Cell Ranger DNA1.0, printed on 10/25/2020
For an approximately diploid human sample we recommend a sequencing depth of 750,000 read-pairs per cell. At this depth, the metric median effective reads per 1Mbp is between 350-400, and we expect to be able to detect single cell copy number events in the size range 1-2 megabases (and upwards) with high sensitivity and positive predictive value. In groups of 10 or more cells we expect to be able to detect copy number events in the 100-200 kilobase (and upwards) with high sensitivity and positive predictive value.
Sequencing below the recommended depth will result in lower sensitivity to small copy number events. The metric median effective_reads per 1Mbp is a good predictor of CNV calling performance rather than the total number of sequencing reads obtained. Shown below is the variation in sensitivity of event detection as a function of the median effective_reads per 1Mbp for different event sizes calculated by downsampling a dataset of MKN-45 cells.
Note that the performance degrades gently with reduced read depth and falls off sharply below median effective reads per 1Mbp of 50 corresponding to an input of approximately 200,000 reads per cell. The algorithms have not been extensively tested at sequencing depths below 200,000 reads per cell and the results are potentially unreliable.
We expect high quality CNV detection when median effective reads per 1Mbp is in the range 350-400, and the results in the graph above will likely translate across organisms.
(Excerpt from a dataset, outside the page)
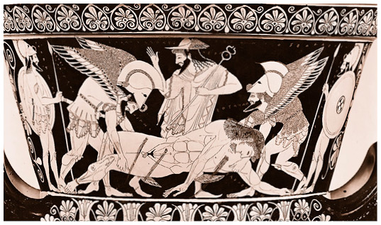 Крылатые Сон и Смерть уносят смертельно раненного героя (аттическая ваза, около 510 года до н. э.)
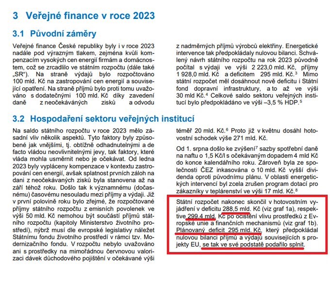 Poslední citovaná věta je zásadní. Rada totiž konstatuje splnění plánovaného deficitu, které ale striktně vzato platí za daný rok pouze při uplatnění vyčíslení schodku se zahrnutím pozice vůči EU a finančním mechanismům. Při tomto zahrnutí, v neočištěné podobě, totiž za rok 2023 vzniká schodek 288,5 miliardy Kč, který je tedy nižší než údaj 295 miliard Kč. Zatímco v očištěné podobě vzniká deficit 299,4 miliardy Kč, který je vyšší než údaj 295 miliard Kč, takže schodek splněn není.

This level of coverage can be achieved by scaling the recommended coverage of 1.5-2.0 million reads per cell by the ratio of the organism genome size to the human genome size.
For samples that contain cells with average ploidy significantly different from two, as is some times the case in cancer genomes, we recommend scaling the input coverage in proportion to the average ploidy / 2. In a tetraploid sample, for example, the extra coverage allows us to distinguish 4 -> 5 copy number changes and other n -> n+1 higher copy number transitions where the relative ploidy difference can be small.
As the sequencing depth per cell is reduced the uncertainty in the start and end of a copy number event increases. This increases the clustering distance between a pairs of cells and the structure of the hierarchical clustering can be affected as a consequence. For example, consider a hypothetical sample with 3 cells, where cells 1 and 2 have identical copy number profiles, and cell 3 has an additional 10 megabase copy number event. If the sequencing depth is drastically reduced, these three cells could appear equidistant from each other because of inaccuracies in precisely localizing the start/end of the event.